In conclusion, the Court cautioned that “[w]hether petitioner’s complaint is sufficient in all respects is a matter yet to be determined . . . . In particular, the proper application of the controlling legal principles to the facts is yet to be determined.” But it reiterated that Erickson’s case “cannot . . . be dismissed on the ground that [his] allegations of harm were too conclusory to put these matters in issue.”

By contrast, the Section 1 claim at issue in Twombly relied primarily on allegations of parallel behavior by major telecommunications providers, which the plaintiff-respondents alleged was consistent with an anticompetitive motive. Because the plaintiff-respondents in Twombly had failed to provide, however, the additional facts necessary to “nudge[] their claims across the line from conceivable to plausible” – that is, to plausibly suggest a conspiracy – the Court held that “their complaint must be dismissed.”

Justice Scalia would have denied the petition for certiorari in Erickson altogether. Justice Thomas indicated, in a brief dissent, that he would have affirmed the Tenth Circuit’s opinion.
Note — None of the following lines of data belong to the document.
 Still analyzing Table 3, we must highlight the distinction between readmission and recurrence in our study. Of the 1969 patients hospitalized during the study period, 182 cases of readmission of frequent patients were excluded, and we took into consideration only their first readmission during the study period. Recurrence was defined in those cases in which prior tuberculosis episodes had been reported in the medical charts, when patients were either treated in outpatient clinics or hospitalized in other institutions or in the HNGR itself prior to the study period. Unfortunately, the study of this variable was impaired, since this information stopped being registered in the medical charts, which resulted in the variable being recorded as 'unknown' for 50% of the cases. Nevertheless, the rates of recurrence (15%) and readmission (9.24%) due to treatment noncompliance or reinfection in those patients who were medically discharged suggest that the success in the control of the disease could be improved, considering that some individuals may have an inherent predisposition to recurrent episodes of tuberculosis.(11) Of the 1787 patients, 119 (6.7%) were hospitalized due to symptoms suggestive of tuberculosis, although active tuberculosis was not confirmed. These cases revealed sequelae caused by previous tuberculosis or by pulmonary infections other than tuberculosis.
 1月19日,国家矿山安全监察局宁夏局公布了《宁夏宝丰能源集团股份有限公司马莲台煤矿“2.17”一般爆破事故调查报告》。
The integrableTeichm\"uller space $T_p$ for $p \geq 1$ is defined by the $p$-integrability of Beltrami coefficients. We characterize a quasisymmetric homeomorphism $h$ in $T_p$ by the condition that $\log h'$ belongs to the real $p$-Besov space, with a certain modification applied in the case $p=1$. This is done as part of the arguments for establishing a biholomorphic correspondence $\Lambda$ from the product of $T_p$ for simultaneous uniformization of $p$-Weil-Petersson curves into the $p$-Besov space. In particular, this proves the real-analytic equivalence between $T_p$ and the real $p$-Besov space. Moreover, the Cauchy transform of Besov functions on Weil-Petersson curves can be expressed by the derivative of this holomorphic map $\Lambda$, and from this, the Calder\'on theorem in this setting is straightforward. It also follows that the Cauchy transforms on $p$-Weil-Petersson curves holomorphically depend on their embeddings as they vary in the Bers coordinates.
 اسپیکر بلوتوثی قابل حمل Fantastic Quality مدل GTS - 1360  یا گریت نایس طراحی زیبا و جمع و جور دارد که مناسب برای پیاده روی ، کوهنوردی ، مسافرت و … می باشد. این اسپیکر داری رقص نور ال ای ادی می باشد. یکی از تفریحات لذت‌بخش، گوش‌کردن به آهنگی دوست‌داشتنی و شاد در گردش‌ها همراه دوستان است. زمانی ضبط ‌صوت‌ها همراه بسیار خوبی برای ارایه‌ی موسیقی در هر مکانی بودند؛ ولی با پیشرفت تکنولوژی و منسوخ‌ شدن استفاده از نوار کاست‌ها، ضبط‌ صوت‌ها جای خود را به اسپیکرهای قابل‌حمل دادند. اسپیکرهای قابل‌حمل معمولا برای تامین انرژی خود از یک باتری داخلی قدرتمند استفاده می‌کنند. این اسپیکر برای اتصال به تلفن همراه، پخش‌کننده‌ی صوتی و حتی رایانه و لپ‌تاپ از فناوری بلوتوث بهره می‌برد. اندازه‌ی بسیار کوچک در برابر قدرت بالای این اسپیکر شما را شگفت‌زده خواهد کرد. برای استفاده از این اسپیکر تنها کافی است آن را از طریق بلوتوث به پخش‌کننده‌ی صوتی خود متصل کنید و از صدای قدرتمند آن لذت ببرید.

First, he reiterated his belief that the Eighth Amendment applies only to “injuries relating to a criminal sentence.” But, he continued, even applying what he regards as the Court’s “flawed Eighth Amendment jurisprudence,” he would “draw the line at actual, serious injuries and reject the claim that exposure to the risk of injury can violate the Eighth Amendment.”
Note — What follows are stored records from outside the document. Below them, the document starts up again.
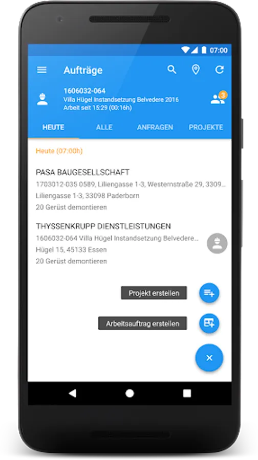 - Project registration with site address, working time and pictures (e.g. drawings, special instructions)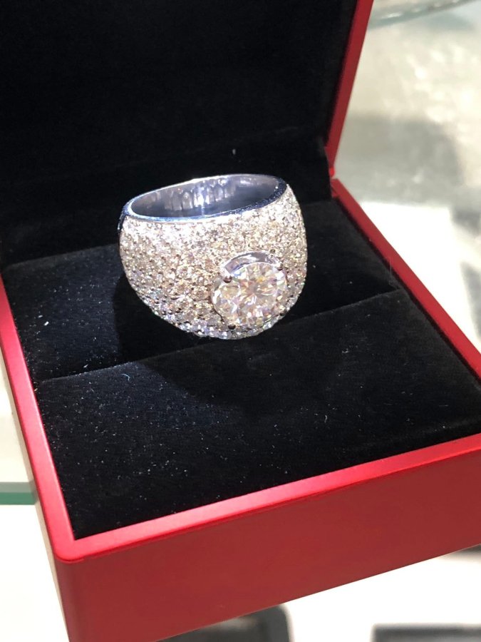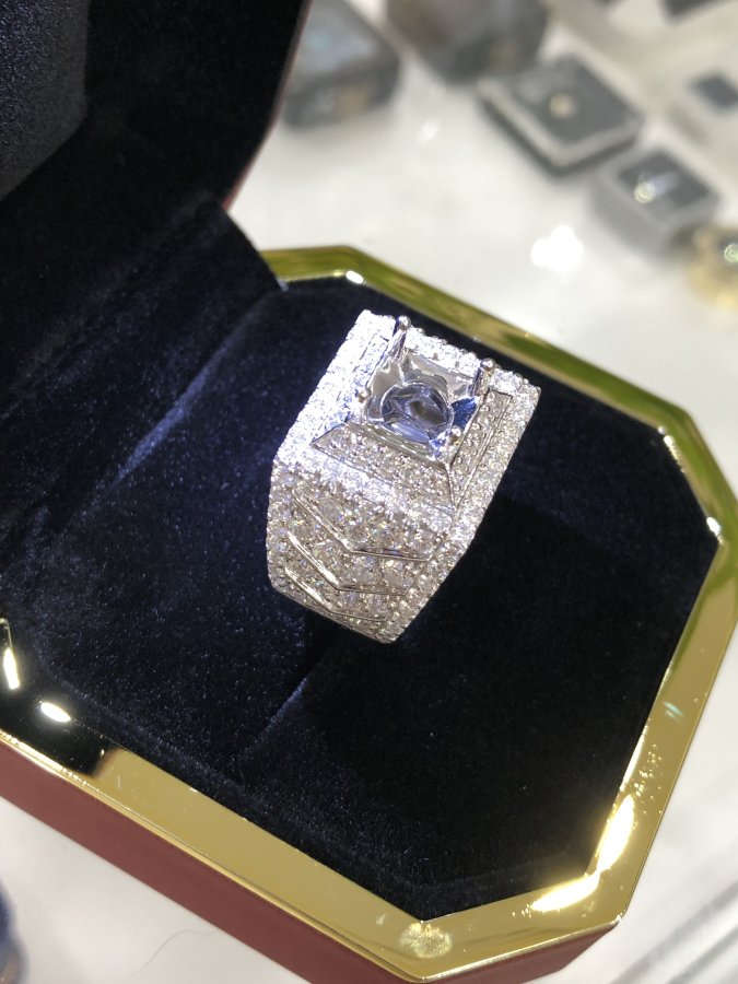 Nhẫn Nam Bạc Xi Vàng Trắng đính Kim Cương Moissanite mẫu Vertu Kính Phố!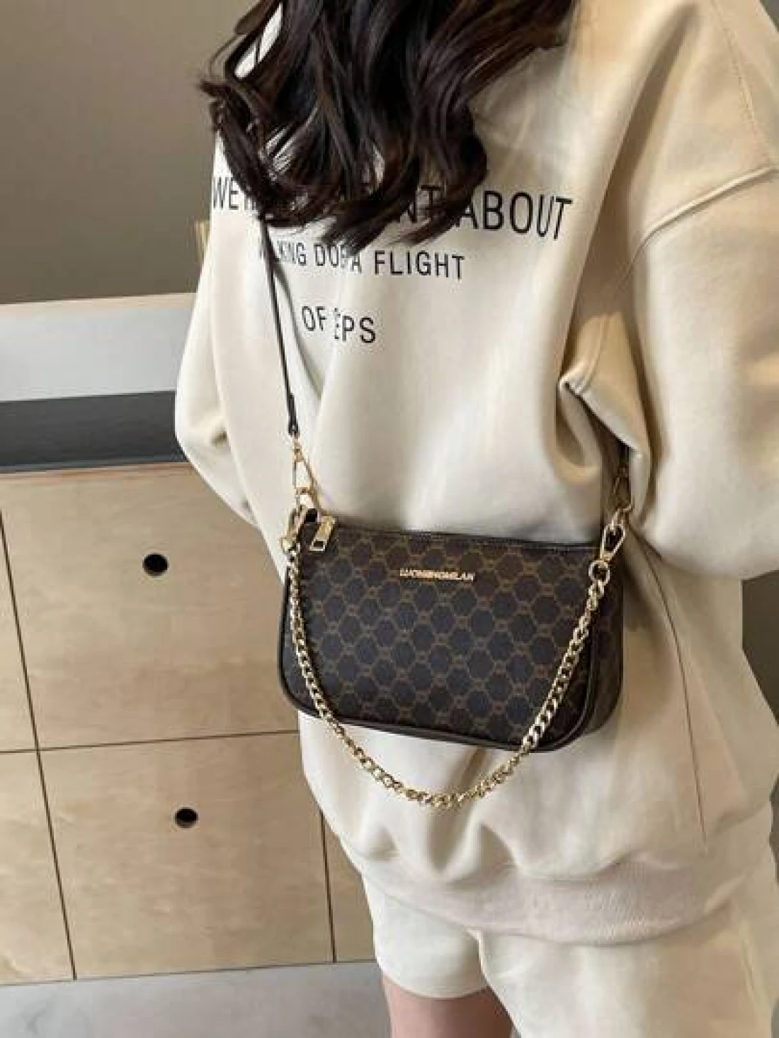 Women s Pu Leather Chain Shoulder Bag With Underarm Design

So what exactly does this mean? Erickson seems to confirm that the Court meant exactly what it said in Twombly: although Twombly made clear what the Court means by “notice pleading” – viz., to survive a motion to dismiss, a plaintiff cannot rely solely on generalized allegations – it doesn’t reject “notice pleading” altogether. Precisely how this will play out in different areas of the law and with different kinds of claims will (as Richard Samp discusses here) remains to be seen.

One final note is that of timing. Erickson was first distributed for conference at the beginning of January, but the Court’s consideration of the petition was delayed for several months after the Court called for a response from the respondent prison officials and then called for the record. The docket does not reflect any action on the case for two months after the record was received on March 7; the case was then distributed for the May 10 conference, after which it was relisted three times. The opinion was finally released two weeks after the Court’s opinion in Twombly.

It seems likely that the Court initially identified Erickson as a case that should be held and potentially remanded in light of Twombly. Then, in early May (after the Twombly opinion was in circulation), it decided to summarily reverse in Erickson, likely in order to counteract any impression that could arise that Twombly was intended to set a particularly high pleading standard.